I have a single 250Ah 12v Universal AGM house battery.

My main current draws are:

1. an Engel 12v all electric refrig/freezer, figure 3.5 to 4 amps 100% duty cycle (because it is warm inside in the Summer and warm inside in the Winter with the Webasto furnace and I don't care what they say, if you want to keep things frozen you gotta rotate the dial to "5" which is the 100% duty cycle.)

2. a Webasto 12v diesel furnace for heat in the Winter which uses 4 amps when the furnace fan is cycling on.  Probably 25% duty cycle?

My uses are:

A. In the Kirkwood Mountain Resort ski area (7800' elevation, near Tahoe, CA) parking lot or nearby where my wife and I sleep on the weekends and ski 40+ days a year where temps can get down to minus 17F at night, and there can be some daytime shading, but strategic parking can avoid shading.

B. At Sherman Island (Sacramento County, CA ) in the Summer where we are beginner windsurfers/beginner kiters where temps can get to 100F.  There is no shade.

Questions:  1. What solar charge controller should I get?  (I was thinking about the Kid, but I am totally open to suggestions.)

2.  And should I wire parallel or in series or both?  E.g., if I don't get the fifth panel would I wire each pair in series and then combine the two pair in parallel and then connect to the controller?

3.  Anything else I am missing or should consider?

Your help would be greatly appreciated.

[mike90045]

With an "odd" number of 17V panels, you will either have to wire all in series & pray for no shade, or wire all in parallel.
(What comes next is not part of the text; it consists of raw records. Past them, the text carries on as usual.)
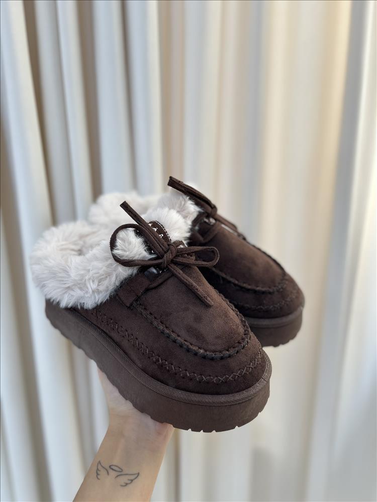 Čižmičkové papučky s kožušinkou sú veľmi pohodlné a štýlové, majú krásne detaily. Majú vyššiu platformu.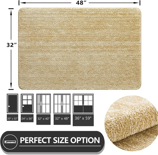 JSEI Dirt Trapper Door Mat 32"x48" Non-Slip Washable Entrance Mat, Dog Doormats, Absorbent & Fade-Resistant Floor Mats, Low Profile Welcome Mats for Entryway, Front Door, and Inside Entrance, Beige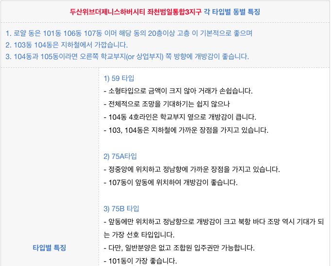 두산위브더제니스하버시티 좌천범일통합3지구 조합원 물건 중 조망이 기대되는 물건들 위주로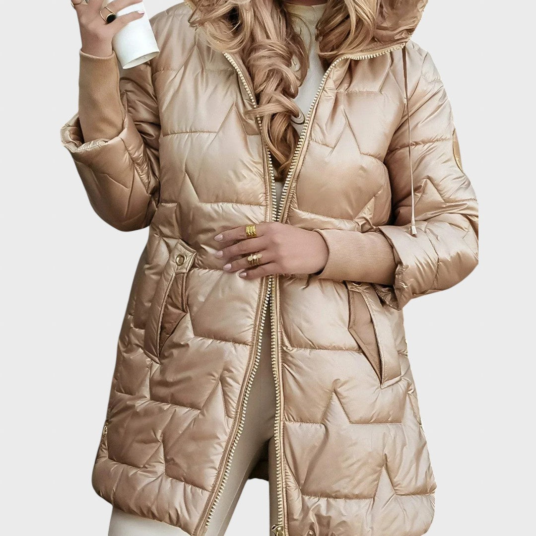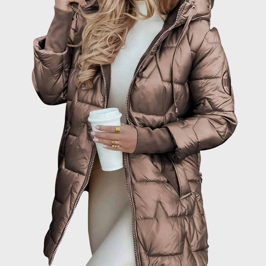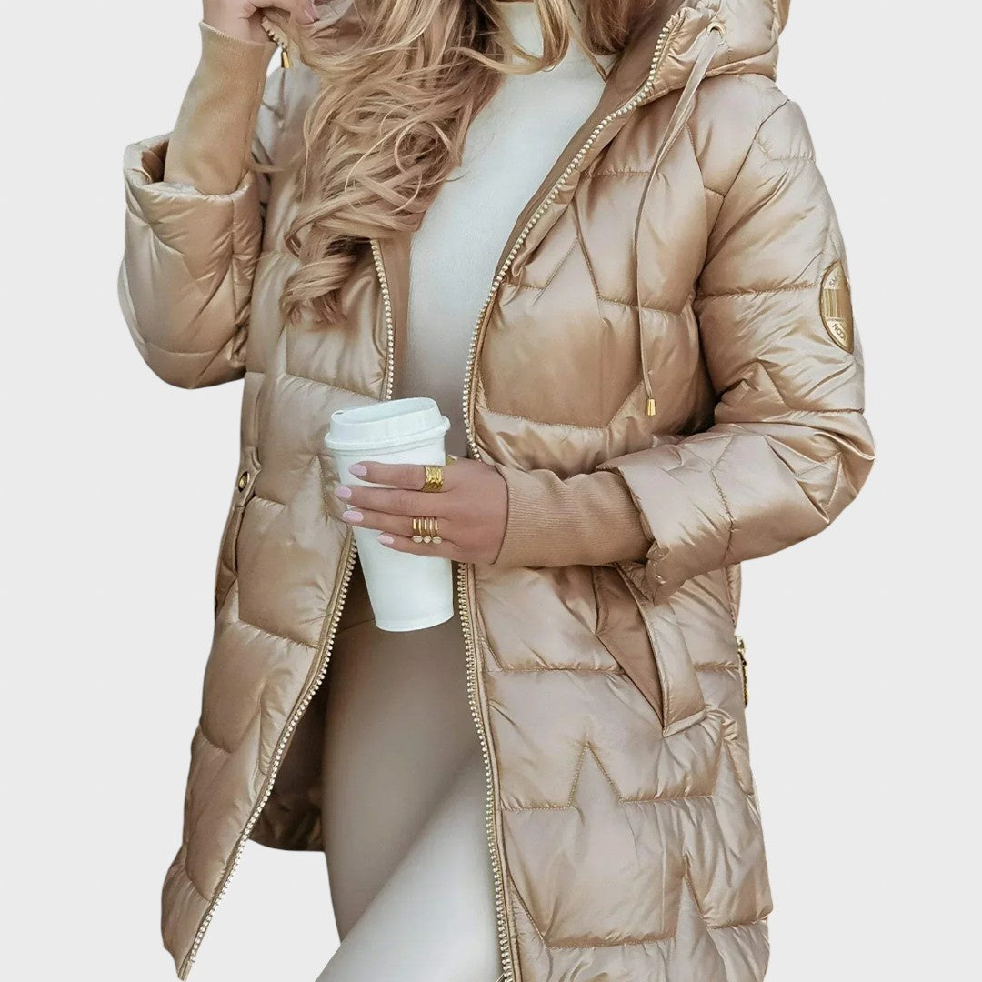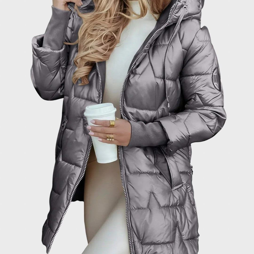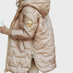 Sniegė | Ilgas ir šiltas dygsniuotas paltas su apgaubiančiu gobtuvu

17V panels see nearly no benefit with MPPT since the panel voltage is so close to the charge voltage (14V) and a volt or 3 of loss in the controller.  But if you were to wire them in series,  you are only at 130V and that's within range of many MPPT.

But I worry that one 250 ah battery can manage 18 hours of 5A (average) loads (90ah) and still charge while loaded, in short winter days.

[E350]

Mike:  Thanks for helping.  Since I have only four pv panels now, let's stick with an even number of panels for this discussion.  I think I am learning...

So:

1.  MPPT controllers work by converting the voltage from the panel to increase amperage.  And an MPPT controller will provide very little benefit at the the BP 380J's Voltage at Pmax (Vmp) 17.6V output per panel, because it there is very little difference between the battery's charge input of 14.2V and the panel's output of 17.6V for the MPPT controller to work with (i.e., there are only 3.4 "extra" volts over the 14.2V battery input  for the MPPT controller to convert to amperage).  (Because charging can only occur is the input voltage from the charging source is at least one or two volts higher than the battery's voltage at full charge, say 12.5-13.5v?)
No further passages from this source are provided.